So you think “Dynasty” is a dream world? We think not. In fact, the real lives of its stars often out-glitter the lives they lead on screen. Fictional Amanda Carrington, for example, can’t hold a candle to fair Catherine Oxenberg, who plays the role. This week we traced Oxenberg to England, where Listen saw her dallying at the derby (pronounced darby over there) with Sir Gordon White, an old family friend. And what a family. As you may know, Oxenberg is the daughter of Princess Elizabeth of Yugoslavia and is somehow related to Queen Elizabeth II. So there she was on Derby Day, seated in the royal box with Sir Gordon, the Queen of England, the Queen Mother and Princess Anne. And what did she wear? A fetching red-and-white mid-calf sailor dress and sailor hat. To cap off the day, a nautically named horse (Slip Anchor) won the race. And Sir Gordon presented the trophy to the winning jockey, America’s Steve Cauthen. More from Britain next week, when Listen goes to Ascot, where absolutely everyone who’s anyone wears huge, outrageous hats.
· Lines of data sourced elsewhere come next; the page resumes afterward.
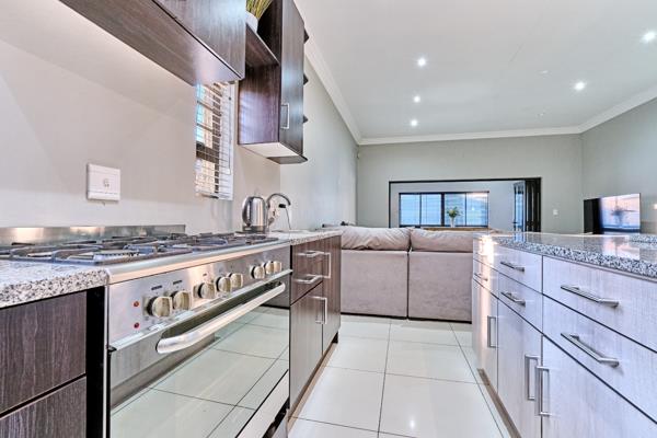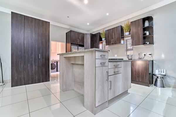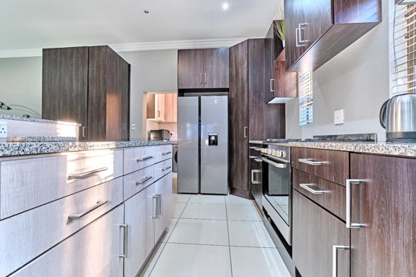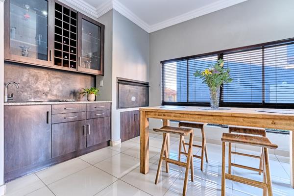 Beautifully tiled throughout, with 3 bedrooms and a study, 2.5 well appointed bathrooms, and an open-plan design that seamlessly connects the lounge, kitchen and entertainment space, complete with a built-in prep and sleek bar area plus an indoor braai - perfect for hosting guests and enjoying time with the family. The spacious main bedroom has ample built-in cupboards plus an en-suite with a double vanity, large shower and corner bath. There is a second full bathroom, a separate scullery with ample cupboard space keeps the kitchen clutter free.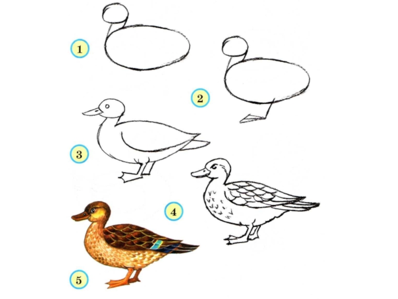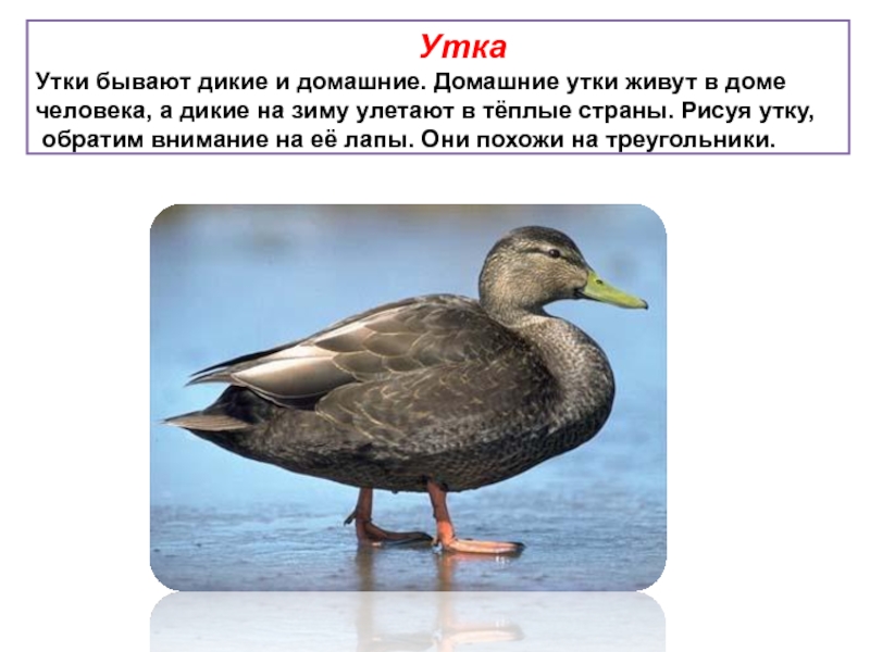 человека, а дикие на зиму улетают в тёплые страны. Рисуя утку,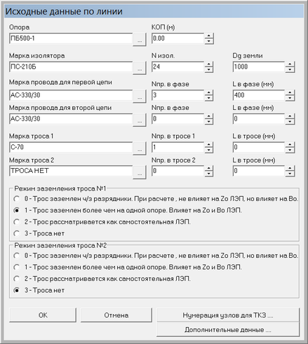 Ввод параметров схем замещения сопротивлений последовательностей (прямой и нулевой) осуществляется в виде таблиц.
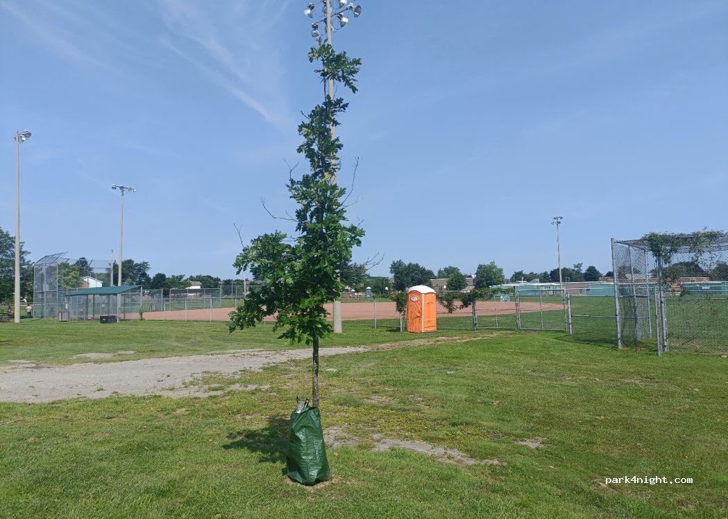 Großer Parkplatz hinter der öffentlichen Bibliothek, abseits der Straße.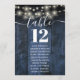 These blue rustic barn wood string lights table number seating charts are perfect for all celebrations. Designed by Thisisnotme©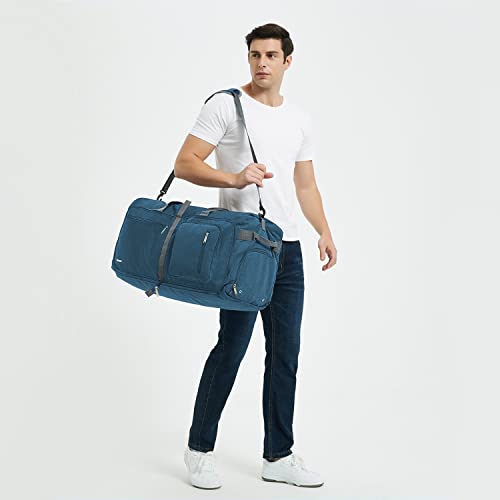 WANDF Travel Duffle Bag 65L Shoes Compartment Foldable Overnight Weekender Bag Carry On Bag for Men Women (Blue)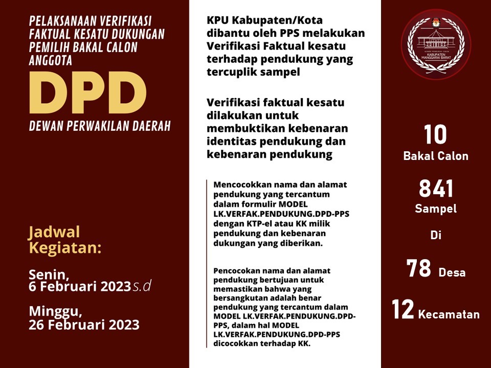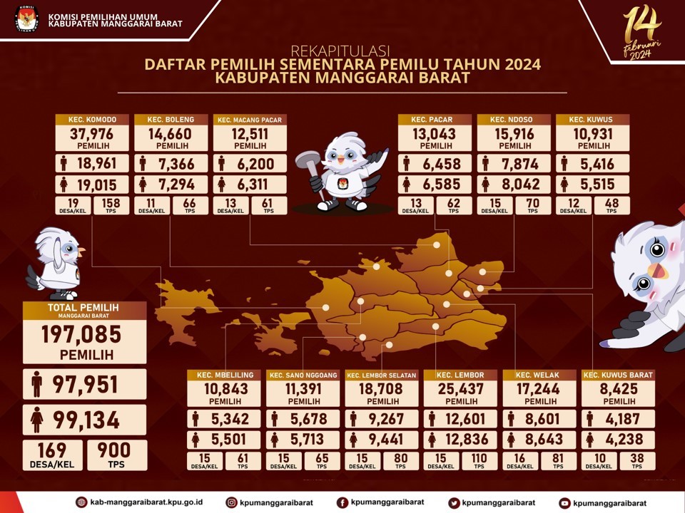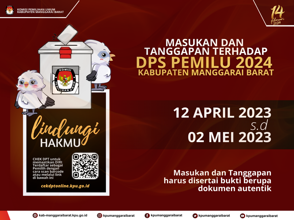 Labuan Bajo, manggaraibarat.kpu.go.id – Berdasarkan Peraturan Komisi Pemilihan Umum Nomor 7 Tahun 2023 tentang perubahan atas Peraturan Komisi Pemilihan Umum Nomor 2 Tahun 2022 tentang Penyusunan Daftar Pemilih Dalam Penyelenggaraan Pemilihan Umum dan Sistem Informasi Data Pemilih, serta Keputusan Komisi Pemilihan Umum Nomor 27 Tahun 2023 tentang Pedoman Teknis Penyusunan Daftar Pemilih Dalam Negeri pada Penyelenggaraan Pemilihan Umum untuk mengumumkan DPS oleh PPS dan disampaikan oleh PPK dan KPU Kabupaten/Kota kepada para pihak termasuk peserta pemilu dan Bawaslu dan jajarannya untuk kemudian mendapat masukan dan tanggapan. Jadwal dan Tahapan Pengumuman DPS oleh PPS dilaksanakan pada 12 April 2023 s.d 25 April 2023 Penyampaian DPS kepada Peserta Pemilu di tingkat Kecamatan oleh PPS Melalui PPK dilaksanakan pada 12 April 2023 s.d 2 Mei 2023 Masukan dan Tanggapan terhadap DPS dimulai pada 12 April 2023 s.d 2 Mei 2023 Daftar Pemilih Sementara (DPS) Daftar Pemilih Sementara sebagaimana dimaksud dapat dilihat secara langsung di papan pengumuman ditempelkan di tempat strategis di wilayah desa dan kelurahan masing-masing. Atau dapat diunduh DI SINI. Cek DPT Dan untuk memastikan apakah nama Anda terdaftar sebagai pemilih dapat dicek secara mandiri melalui link CEK DPT ONLINE Mekanisme Penyampaian Tanggapan dan Masukan Masukan dan tanggapan terkait Pemilih TMS, Pemilih Baru, Pemilih Ubah Data, dan Pemilih Ganda dapat disampaikan kepada KPU melalui PPS atau PPK disertai dengan bukti berupa dokumen autentik sesuai format yang disediakan. Format dapat diunduh DI SINI. (humas kpu kb/foto:reka/ed kb)
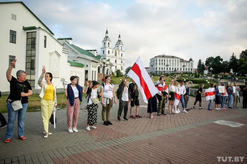В Минске протестующие вместо «Цепи солидарности» выстроились в «Цепь покаяния»

A hospital gown, maybe?: While introducing the new Dynasty by Dobbs hat collection at the Men’s Fashion Assn. press preview in Rye, N.Y., last week, “Dynasty’s” costume designer, Nolan Miller, told a story that we couldn’t keep under our hat. Miller says Joan Collins called him from Paris recently to find out if she’d get to wear an evening gown in “Dynasty’s” first episode next season. “I said: ‘Joan, according to the script you’re almost dead and in the hospital. I really doubt it.’ ”
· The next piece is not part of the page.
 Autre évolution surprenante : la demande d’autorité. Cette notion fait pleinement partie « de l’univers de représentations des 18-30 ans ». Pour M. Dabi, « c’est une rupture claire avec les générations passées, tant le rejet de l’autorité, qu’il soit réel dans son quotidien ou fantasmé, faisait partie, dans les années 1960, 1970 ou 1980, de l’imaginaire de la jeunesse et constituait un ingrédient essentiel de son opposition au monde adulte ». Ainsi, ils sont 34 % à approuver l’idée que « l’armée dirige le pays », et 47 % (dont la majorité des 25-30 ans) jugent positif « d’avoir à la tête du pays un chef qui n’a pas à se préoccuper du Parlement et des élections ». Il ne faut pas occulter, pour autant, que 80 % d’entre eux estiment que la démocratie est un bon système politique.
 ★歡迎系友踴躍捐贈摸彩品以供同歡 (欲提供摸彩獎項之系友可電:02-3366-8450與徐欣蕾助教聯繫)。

Art historian Rosamund Bernier, who lectures at New York’s Metropolitan Museum of Art, also told some good stories at the MFA press preview. But Bernier’s bon mots were about gems, not gowns. Her lecture on “Art and the Jewel,” sponsored by the Diamond Information Center, included tidbits such as the fact that Louis XIV wore jewels on the battlefield and that Catherine the Great’s coronation crown featured 5,000 diamonds. Asked which bauble she’d like to possess, Bernier picked Empress Eugenie of France’s diamond brooch, “which has several of the crown jewels incorporated in it. That would be sort of nice to have.”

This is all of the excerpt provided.